有没有想过,把你写的爬虫装进手机里?
比如:
- 想听歌时,后台自动爬取音乐的资源并播放;
- 想搜图时,后台自动爬取 高清图接口并下载;
- 想看人时,一键聚合搜索社交用户数据。
今天我们将实战一个MoonMusic。它的核心不是 UI,而是强大的异步数据采集层。
🔧 核心技术栈
- 数据采集 (Crawler): httpx (异步 HTTP 请求), BeautifulSoup4 (HTML 解析)
- 并发控制 (Concurrency): asyncio (协程调度)
- 数据可视化 (GUI): Flet (基于 Flutter 的 Python UI 框架)
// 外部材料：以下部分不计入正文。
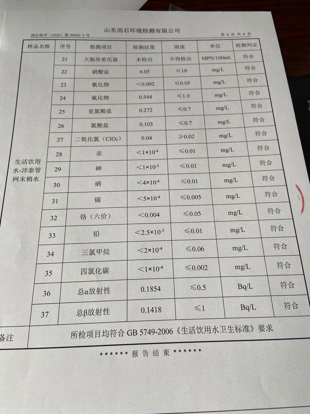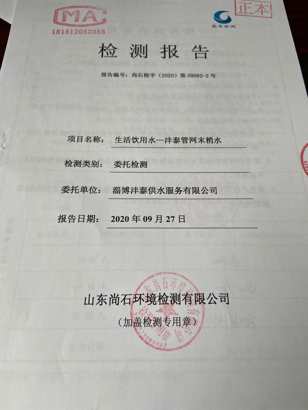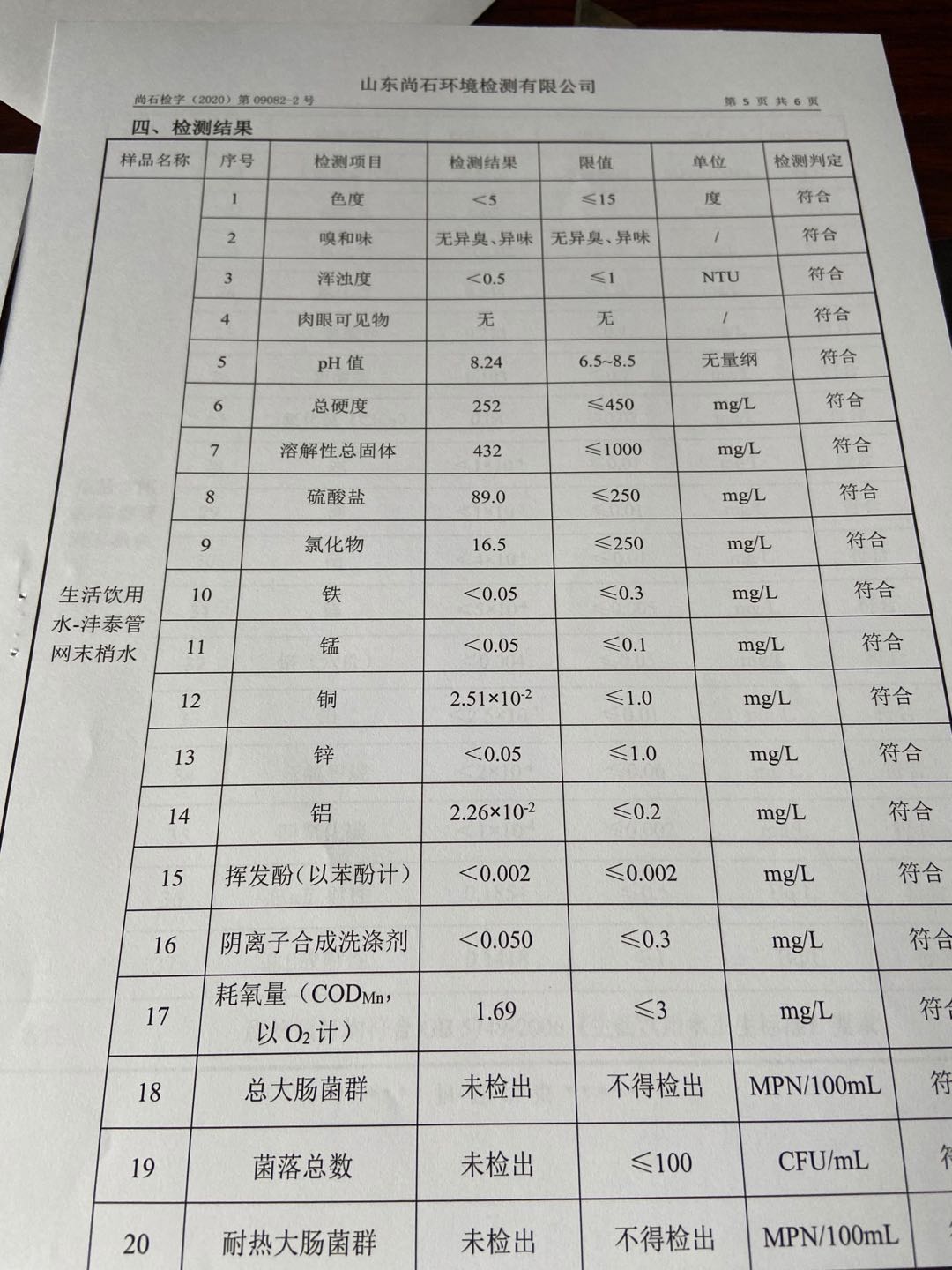 淄博沣泰供水服务有限公司末梢水月检报表
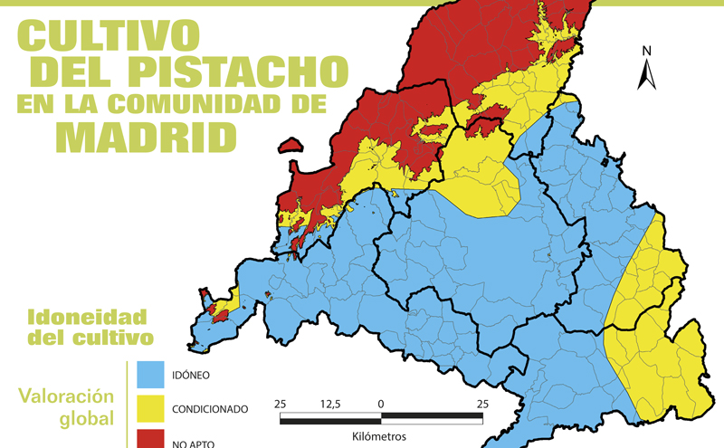 El pistachero es un cultivo rentable que constituye una oportunidad real para generar empleo y riqueza en regiones agrícolas del interior de España. Para que su desarrollo sea óptimo tienen que cumplirse unos requerimientos ambientales concretos que no se dan en todas las regiones del centro peninsular, pero si en la mayor parte de las zonas agrícolas de la Comunidad de Madrid. Sin embargo, la implantación de este cultivo en Madrid es muy inferior a lo que cabría esperar por su potencialidad. El objetivo general es promover el desarrollo de una estrategia de introducción del cultivo del pistacho en la Comunidad de Madrid, que se conseguirá a partir de los objetivos parciales (1) establecer pautas de manejo del cultivo que permitan un uso eficiente del suelo, del agua y de los fertilizantes, (2) validar el mapa de idoneidad climática en la Comunidad de Madrid, (3) realizar un ensayo de patrones, (4) fortalecer la cooperación entre los agentes del sector, (5) contribuir al incremento de la cualificación técnica y práctica del cultivo del pistacho, mediante un plan de formación que fomente el empleo regional.

- 部署 (Deploy): Android APK / iOS IPA
第一部分:硬核爬虫设计
1. 逆向 API 分析与封装
我们通过抓包(F12 Network),分析出了各大平台的搜索接口。为了统一调用,我们定义了一个 CrawlerService 类。
2. asyncio.gather 实现真·并发
这是本项目的技术高光时刻。用户输入一个关键词,我们同时向 3-5 个平台发起请求
3. 反爬与 Cookie 管理
为了应对大厂的反爬策略,我们设计了 DataHelper 类来专门管理 Cookie 和 Headers。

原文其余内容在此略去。